The blast furnaces, coke ovens and open hearths were idled at times, leaving only the finishing mills operating.

The main problem was still the lack of a regional market big enough to justify U.S. Steel making multimillion-dollar improvements to a facility that was never really needed.

Rather than deal with the issue of spending millions of dollars to improve the Duluth Works, U.S. Steel announced in September 1971 that it would shut down the "hot side" of operations, including the blast and open hearth furnaces and the pig iron shop, which affected 1,600 steelworkers.

In 1976, the Universal Atlas Cement Company, a subsidiary of U.S. Steel at the Duluth Works operating since 1916, announced it would close, despite previous assurances to the contrary.

In April 2008, the Duluth-based photographic enhancement company, Ikonics, announced it would develop 40 acres (160,000 m2) on the property to build a warehouse and move its West Duluth headquarters operations to Morgan Park at the former Atlas Cement site.

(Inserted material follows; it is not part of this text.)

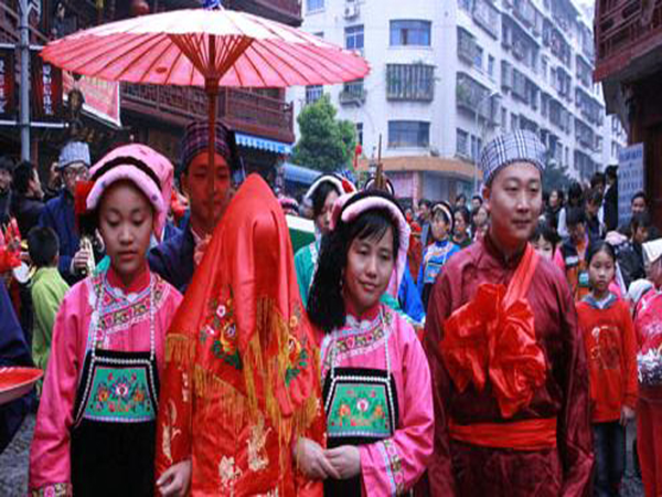 男方的“提親”得到應(yīng)允以后,雙方即開始頻繁往來,加深感情。到了可以談婚論嫁的年齡,便舉行“訂親”儀式。由男方選擇吉日,通知女方做好準(zhǔn)備。那一天,男方家請人抬著用大紅紙封口的一大壇酒、若干塊紅糖、一盤用紅紙包裝的爆竹、一只大公雞,另外還要送彩禮錢若干,其數(shù)量不同時(shí)代、不同地區(qū)有不同的慣例。訂婚儀式后,準(zhǔn)女婿每年給岳父家送一只豬腿、糯米粑及酒等禮物,以示孝敬。

On February 5, 2009, the State of Minnesota awarded the Duluth Port Authority a $50,000 investigative grant to determine the feasibility of redeveloping 123 acres (0.50 km2) of the former steel plant site as a 35,000-square-foot (3,300 m2) warehouse and light industrial park for storage of energy creating windmills.

In 1984, following an inspection by the Pollution Control Agency, the former Duluth Works steel plant site was put on the National Priorities List for the federally funded "Superfund" program.

Under the Great Lakes Legacy Act, it was agreed that the United States Environmental Protection Agency would pay 49% of the $165 million cleanup cost and U.S. Steel 51%.